(DATASET EXCERPTS)
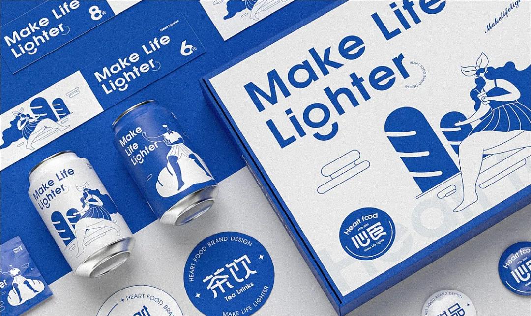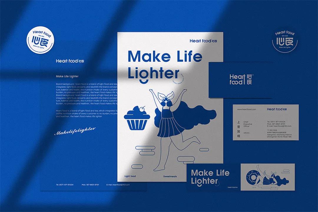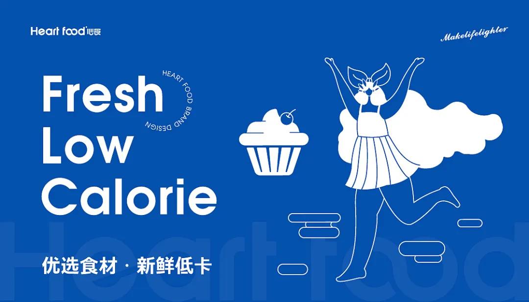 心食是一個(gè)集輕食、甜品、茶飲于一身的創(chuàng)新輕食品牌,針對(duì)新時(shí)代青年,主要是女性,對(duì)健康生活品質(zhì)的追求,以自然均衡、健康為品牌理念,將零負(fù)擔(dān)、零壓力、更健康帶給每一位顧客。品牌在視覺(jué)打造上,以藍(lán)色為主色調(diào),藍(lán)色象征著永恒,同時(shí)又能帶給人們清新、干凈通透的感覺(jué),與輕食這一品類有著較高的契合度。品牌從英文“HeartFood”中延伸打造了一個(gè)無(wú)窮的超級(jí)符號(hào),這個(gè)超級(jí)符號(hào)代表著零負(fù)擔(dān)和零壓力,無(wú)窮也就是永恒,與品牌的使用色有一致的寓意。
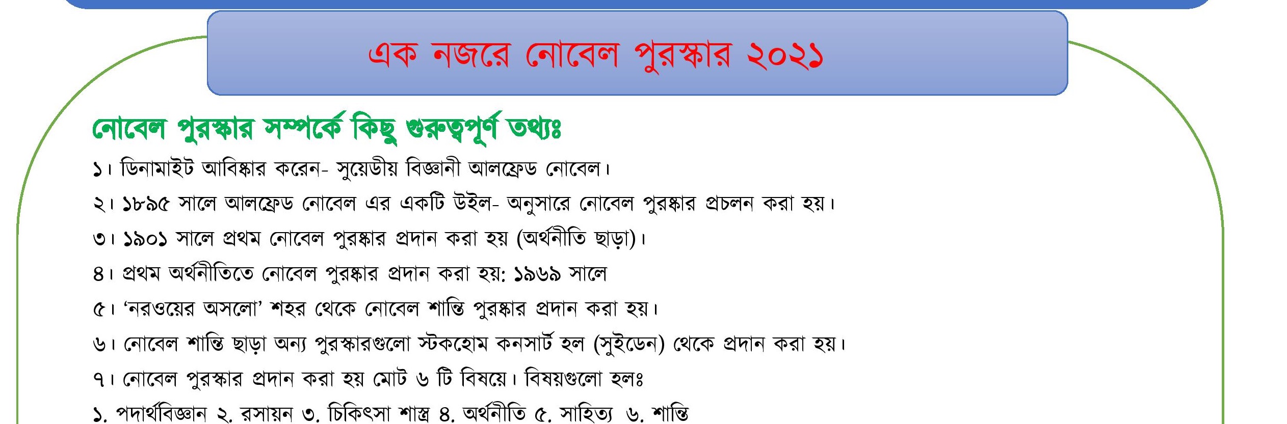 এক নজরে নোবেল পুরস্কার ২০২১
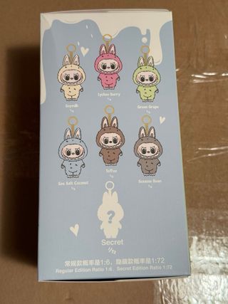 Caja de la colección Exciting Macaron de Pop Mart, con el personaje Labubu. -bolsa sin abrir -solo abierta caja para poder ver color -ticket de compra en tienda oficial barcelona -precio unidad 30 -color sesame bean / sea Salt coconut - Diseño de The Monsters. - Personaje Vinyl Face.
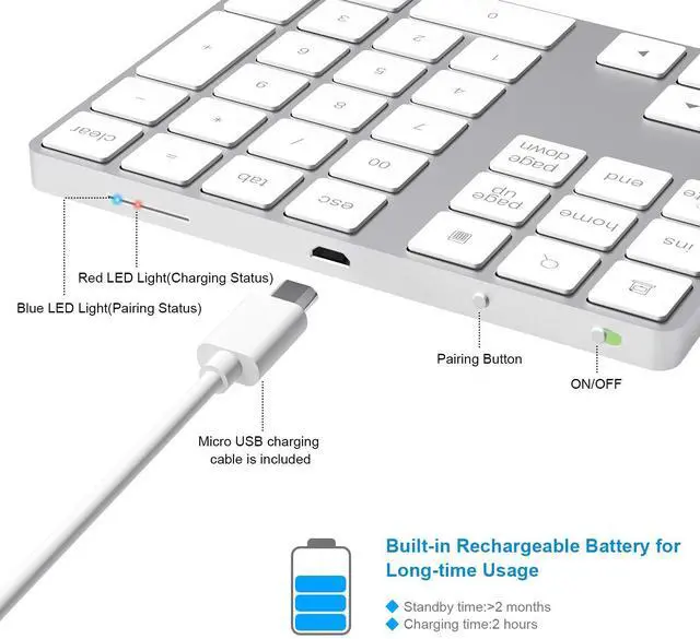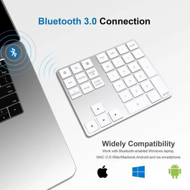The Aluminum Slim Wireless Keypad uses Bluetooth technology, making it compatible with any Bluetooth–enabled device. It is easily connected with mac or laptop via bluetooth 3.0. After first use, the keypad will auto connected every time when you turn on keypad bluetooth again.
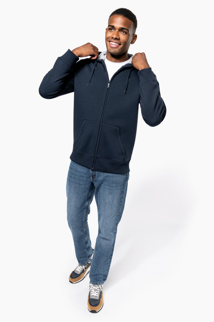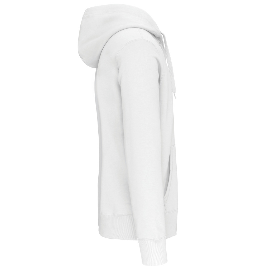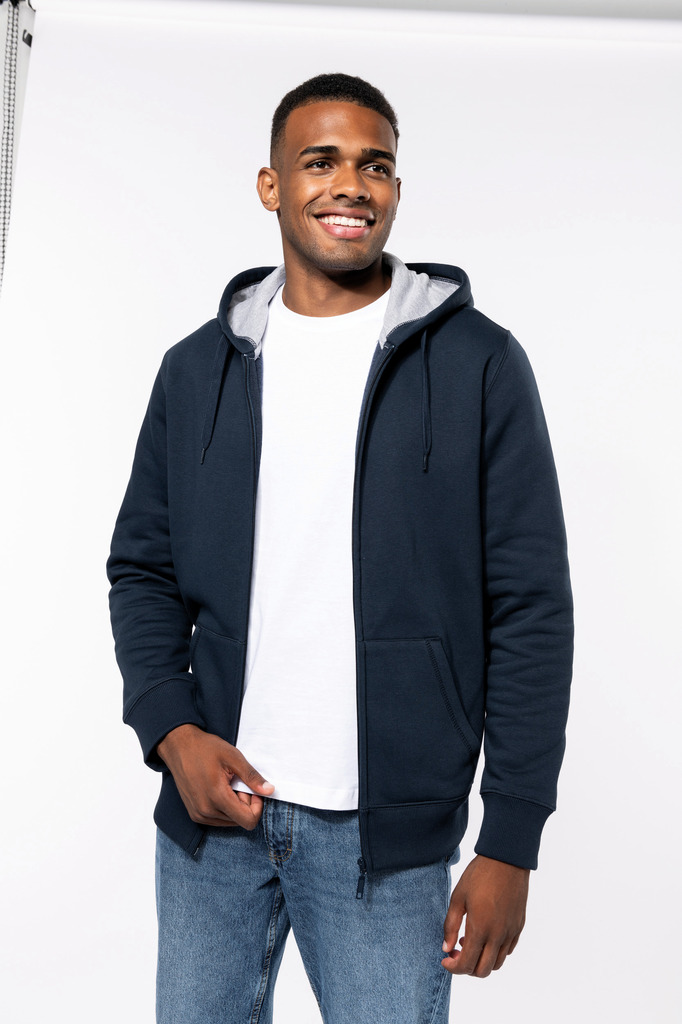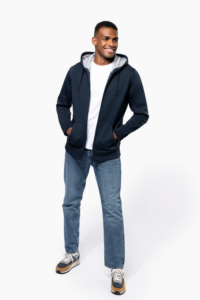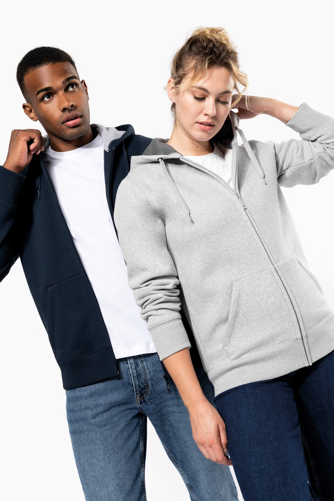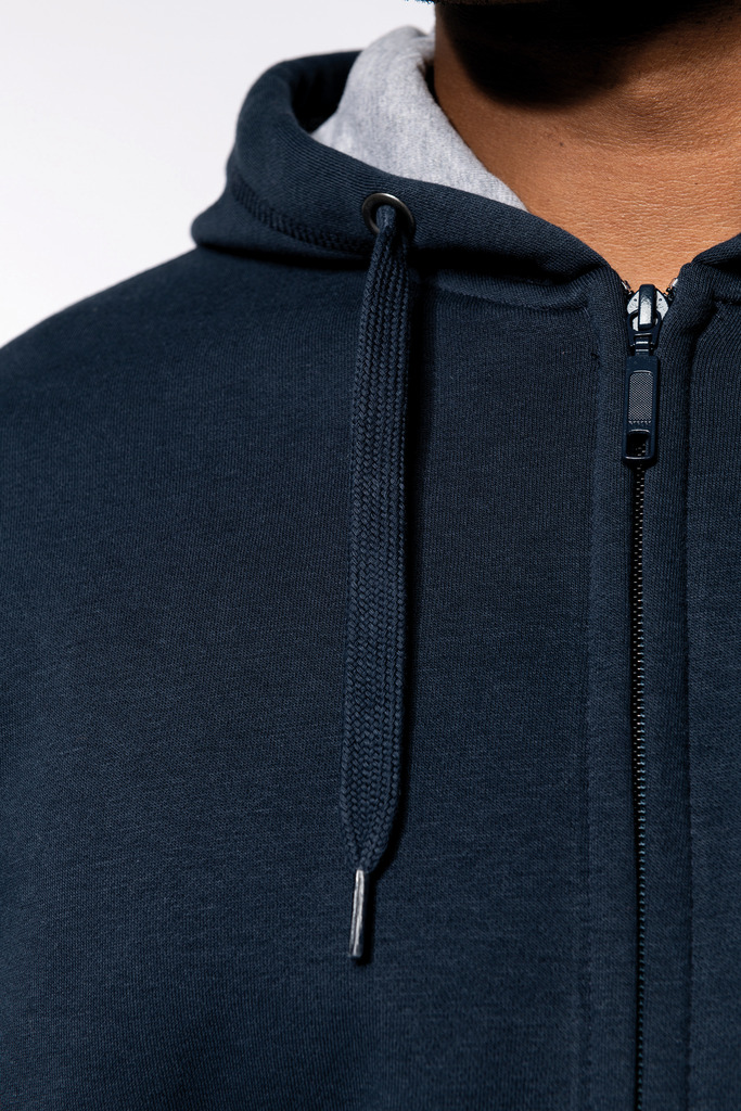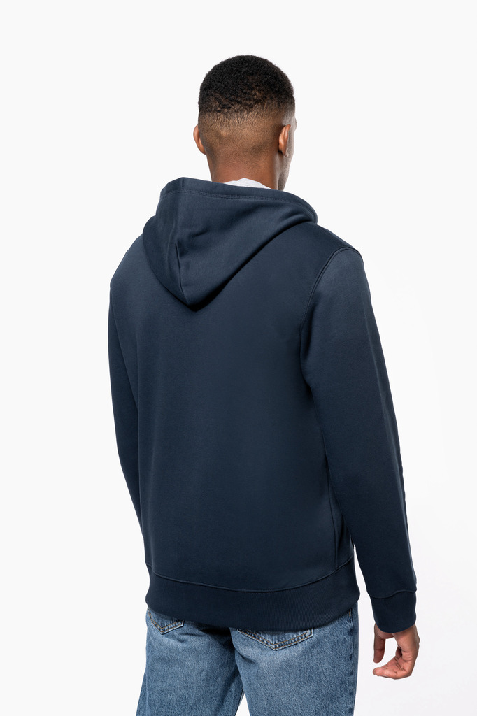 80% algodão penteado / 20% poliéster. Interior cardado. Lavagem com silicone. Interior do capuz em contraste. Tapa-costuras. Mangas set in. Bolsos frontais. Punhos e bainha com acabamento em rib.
(End DATASET EXCERPTS)
(DATASET EXCERPTS)
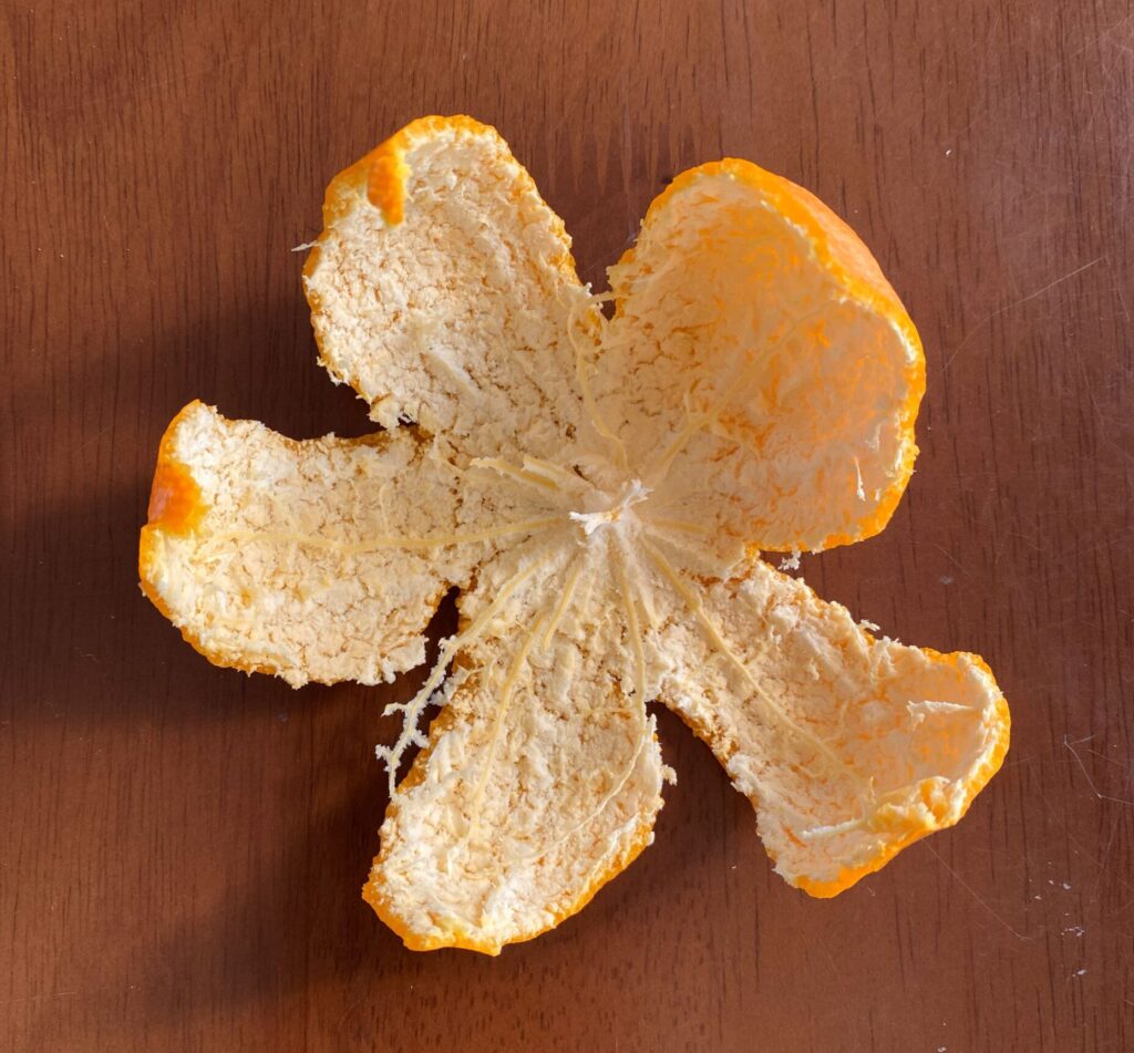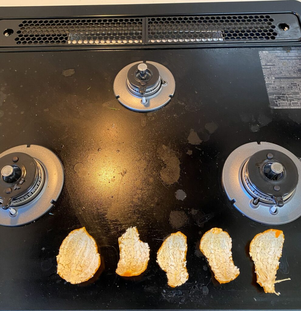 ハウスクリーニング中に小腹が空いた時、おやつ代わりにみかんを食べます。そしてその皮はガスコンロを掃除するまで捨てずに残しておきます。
(End DATASET EXCERPTS)
(DATASET EXCERPTS)
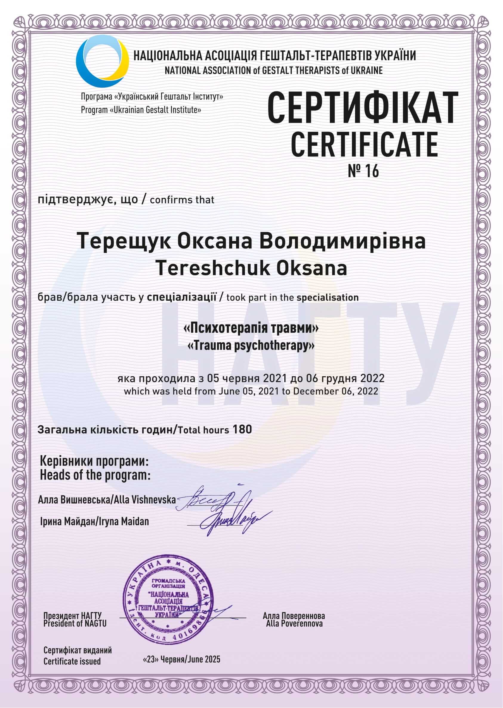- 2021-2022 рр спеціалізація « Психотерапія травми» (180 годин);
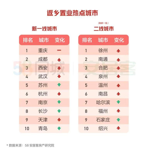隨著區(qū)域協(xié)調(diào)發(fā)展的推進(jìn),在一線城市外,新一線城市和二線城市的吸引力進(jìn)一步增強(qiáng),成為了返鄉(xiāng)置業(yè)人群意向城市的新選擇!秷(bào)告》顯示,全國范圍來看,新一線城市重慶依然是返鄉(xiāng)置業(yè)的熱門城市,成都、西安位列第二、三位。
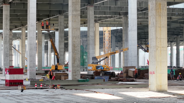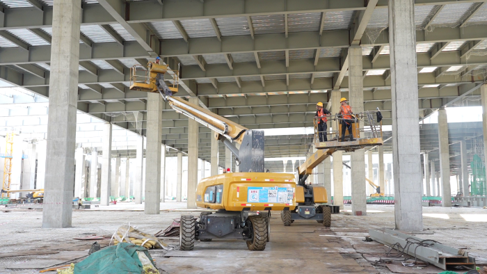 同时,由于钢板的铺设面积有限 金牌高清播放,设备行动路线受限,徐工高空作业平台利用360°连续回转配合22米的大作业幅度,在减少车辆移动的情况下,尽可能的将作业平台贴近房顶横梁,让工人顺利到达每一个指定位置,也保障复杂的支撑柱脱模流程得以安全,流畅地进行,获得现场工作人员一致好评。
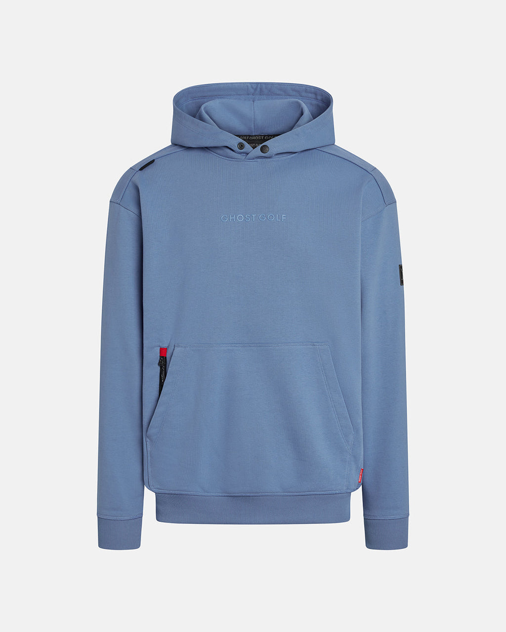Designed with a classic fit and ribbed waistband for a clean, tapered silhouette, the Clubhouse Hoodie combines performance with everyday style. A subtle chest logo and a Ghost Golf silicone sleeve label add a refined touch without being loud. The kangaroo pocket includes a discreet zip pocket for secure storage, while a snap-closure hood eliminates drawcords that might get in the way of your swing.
(End DATASET EXCERPTS)
## PROBLEM REQUIREMENTS
Give back exactly the lines of the listing above from the one that contains "心食是一個(gè)集輕食、甜" up to and including the one that contains "এক নজরে নোবেল পুরস্কার ২০২১", but not the pictures, and no other lines.

## REPLY TO THE EXERCISE
 心食是一個(gè)集輕食、甜品、茶飲于一身的創(chuàng)新輕食品牌,針對(duì)新時(shí)代青年,主要是女性,對(duì)健康生活品質(zhì)的追求,以自然均衡、健康為品牌理念,將零負(fù)擔(dān)、零壓力、更健康帶給每一位顧客。品牌在視覺(jué)打造上,以藍(lán)色為主色調(diào),藍(lán)色象征著永恒,同時(shí)又能帶給人們清新、干凈通透的感覺(jué),與輕食這一品類有著較高的契合度。品牌從英文“HeartFood”中延伸打造了一個(gè)無(wú)窮的超級(jí)符號(hào),這個(gè)超級(jí)符號(hào)代表著零負(fù)擔(dān)和零壓力,無(wú)窮也就是永恒,與品牌的使用色有一致的寓意。
 এক নজরে নোবেল পুরস্কার ২০২১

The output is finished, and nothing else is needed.